▸ **Excerpted data**:
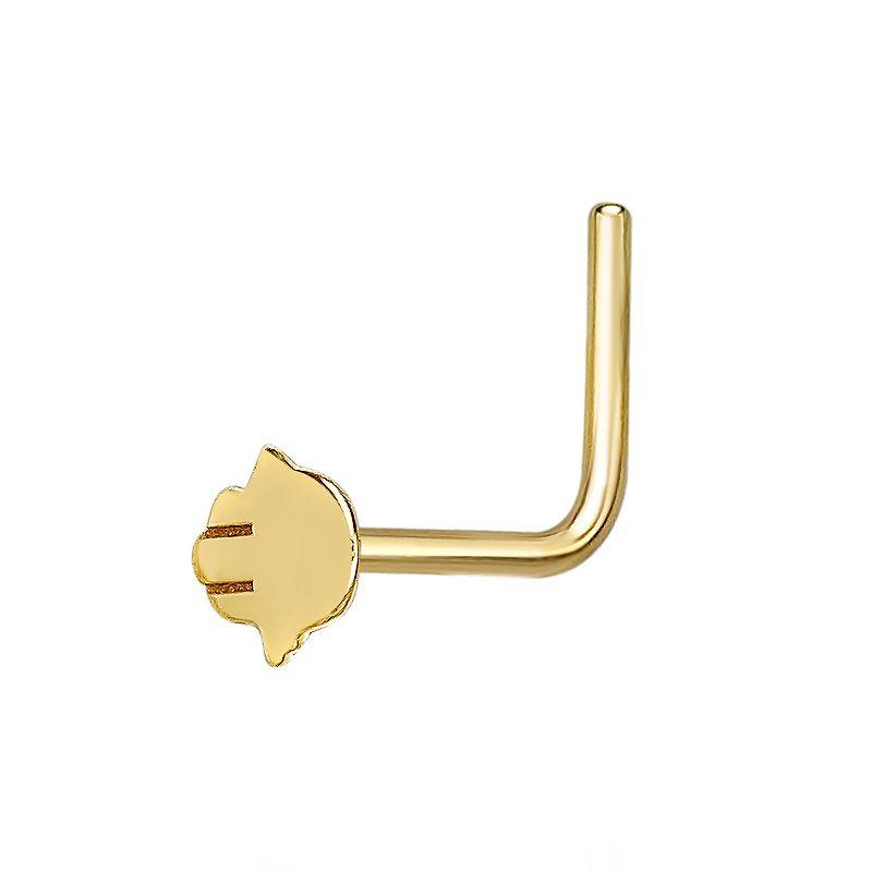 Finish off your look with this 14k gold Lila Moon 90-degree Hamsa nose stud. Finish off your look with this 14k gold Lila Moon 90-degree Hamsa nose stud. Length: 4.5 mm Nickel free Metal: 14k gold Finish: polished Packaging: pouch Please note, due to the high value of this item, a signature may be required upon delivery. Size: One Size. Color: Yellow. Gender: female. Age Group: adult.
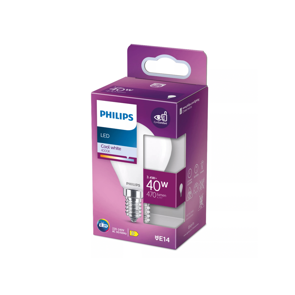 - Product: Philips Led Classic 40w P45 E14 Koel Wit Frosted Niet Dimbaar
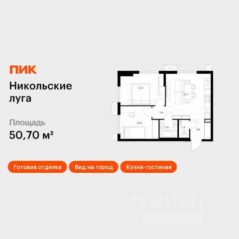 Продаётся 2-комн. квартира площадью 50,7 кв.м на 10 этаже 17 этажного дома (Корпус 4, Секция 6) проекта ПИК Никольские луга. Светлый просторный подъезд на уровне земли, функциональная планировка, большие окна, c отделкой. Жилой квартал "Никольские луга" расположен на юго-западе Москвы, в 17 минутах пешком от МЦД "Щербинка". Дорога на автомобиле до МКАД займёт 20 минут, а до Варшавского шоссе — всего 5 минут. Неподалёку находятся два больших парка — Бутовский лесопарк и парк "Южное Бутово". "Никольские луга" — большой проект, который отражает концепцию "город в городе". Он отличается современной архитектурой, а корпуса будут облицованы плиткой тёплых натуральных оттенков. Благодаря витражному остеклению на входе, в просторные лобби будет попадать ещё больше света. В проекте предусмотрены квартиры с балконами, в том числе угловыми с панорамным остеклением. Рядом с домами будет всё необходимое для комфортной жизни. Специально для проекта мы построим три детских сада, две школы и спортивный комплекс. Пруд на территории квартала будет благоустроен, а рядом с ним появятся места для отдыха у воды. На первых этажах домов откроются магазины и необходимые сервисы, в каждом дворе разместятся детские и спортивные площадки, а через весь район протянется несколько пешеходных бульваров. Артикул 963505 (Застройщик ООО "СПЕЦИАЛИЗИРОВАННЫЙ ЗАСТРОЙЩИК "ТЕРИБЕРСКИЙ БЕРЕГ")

---

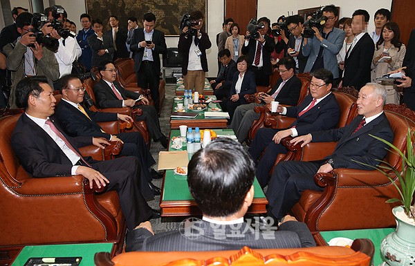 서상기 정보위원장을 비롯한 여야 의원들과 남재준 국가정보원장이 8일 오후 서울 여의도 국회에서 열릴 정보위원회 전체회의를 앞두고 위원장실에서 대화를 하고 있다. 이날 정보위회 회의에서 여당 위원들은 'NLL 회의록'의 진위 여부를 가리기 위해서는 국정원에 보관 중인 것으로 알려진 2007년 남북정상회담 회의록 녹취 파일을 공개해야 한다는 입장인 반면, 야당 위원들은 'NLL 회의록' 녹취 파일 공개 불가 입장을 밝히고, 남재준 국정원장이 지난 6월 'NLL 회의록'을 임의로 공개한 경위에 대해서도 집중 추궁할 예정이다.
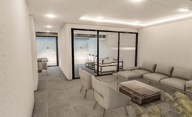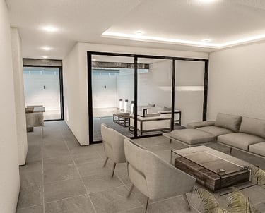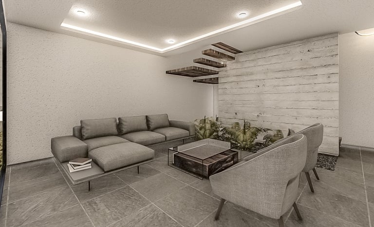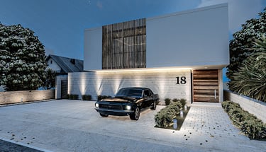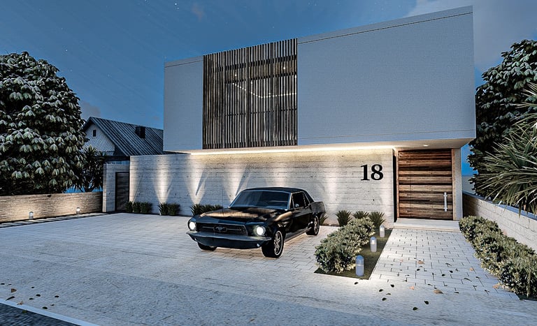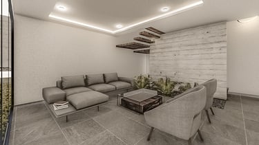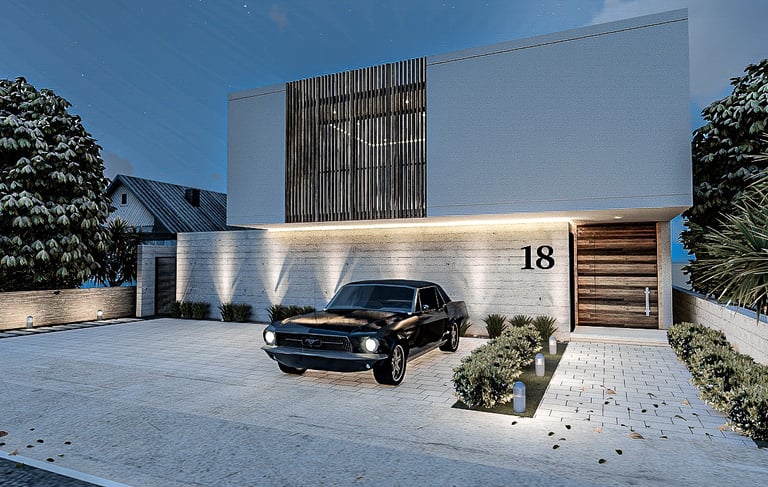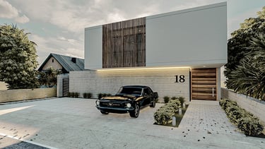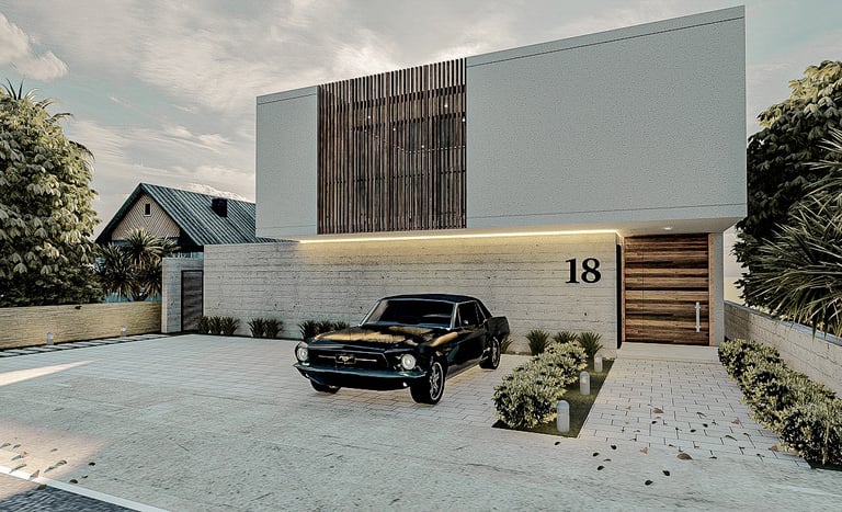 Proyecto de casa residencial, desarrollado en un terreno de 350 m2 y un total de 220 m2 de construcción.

* * *

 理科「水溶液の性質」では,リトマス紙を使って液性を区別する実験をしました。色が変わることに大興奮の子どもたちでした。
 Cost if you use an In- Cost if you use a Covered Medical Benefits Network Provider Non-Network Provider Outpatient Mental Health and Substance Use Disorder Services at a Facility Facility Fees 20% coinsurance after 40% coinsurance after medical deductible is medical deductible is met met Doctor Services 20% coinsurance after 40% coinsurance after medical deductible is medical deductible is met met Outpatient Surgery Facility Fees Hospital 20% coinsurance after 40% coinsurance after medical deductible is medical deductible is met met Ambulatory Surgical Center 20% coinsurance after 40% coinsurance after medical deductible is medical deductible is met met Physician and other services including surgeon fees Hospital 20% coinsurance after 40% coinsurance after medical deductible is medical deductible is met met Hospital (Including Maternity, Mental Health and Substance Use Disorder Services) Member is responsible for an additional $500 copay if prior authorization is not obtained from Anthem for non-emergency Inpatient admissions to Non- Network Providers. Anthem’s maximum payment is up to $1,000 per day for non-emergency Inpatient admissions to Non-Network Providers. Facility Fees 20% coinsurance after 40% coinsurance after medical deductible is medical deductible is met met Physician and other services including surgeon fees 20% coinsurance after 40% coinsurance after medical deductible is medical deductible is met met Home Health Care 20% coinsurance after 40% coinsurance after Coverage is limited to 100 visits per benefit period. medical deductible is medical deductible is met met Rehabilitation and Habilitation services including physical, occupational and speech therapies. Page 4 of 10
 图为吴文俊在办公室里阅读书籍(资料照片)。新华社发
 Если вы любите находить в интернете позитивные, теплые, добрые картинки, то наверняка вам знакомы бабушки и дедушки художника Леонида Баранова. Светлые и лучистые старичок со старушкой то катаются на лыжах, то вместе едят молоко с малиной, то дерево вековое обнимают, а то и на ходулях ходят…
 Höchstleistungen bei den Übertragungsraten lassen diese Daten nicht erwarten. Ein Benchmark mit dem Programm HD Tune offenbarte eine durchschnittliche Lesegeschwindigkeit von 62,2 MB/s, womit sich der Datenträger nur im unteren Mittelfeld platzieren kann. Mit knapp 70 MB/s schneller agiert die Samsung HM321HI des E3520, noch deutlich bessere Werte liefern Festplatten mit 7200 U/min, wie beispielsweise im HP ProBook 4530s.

▸ **What is being asked**: Of the records above, print only the lines from the one containing "Age Group: adult." through the one containing "- Product: Philips", inclusive and unaltered, leaving out pictures.

▸ **Reply**:
 Finish off your look with this 14k gold Lila Moon 90-degree Hamsa nose stud. Finish off your look with this 14k gold Lila Moon 90-degree Hamsa nose stud. Length: 4.5 mm Nickel free Metal: 14k gold Finish: polished Packaging: pouch Please note, due to the high value of this item, a signature may be required upon delivery. Size: One Size. Color: Yellow. Gender: female. Age Group: adult.
 - Product: Philips Led Classic 40w P45 E14 Koel Wit Frosted Niet Dimbaar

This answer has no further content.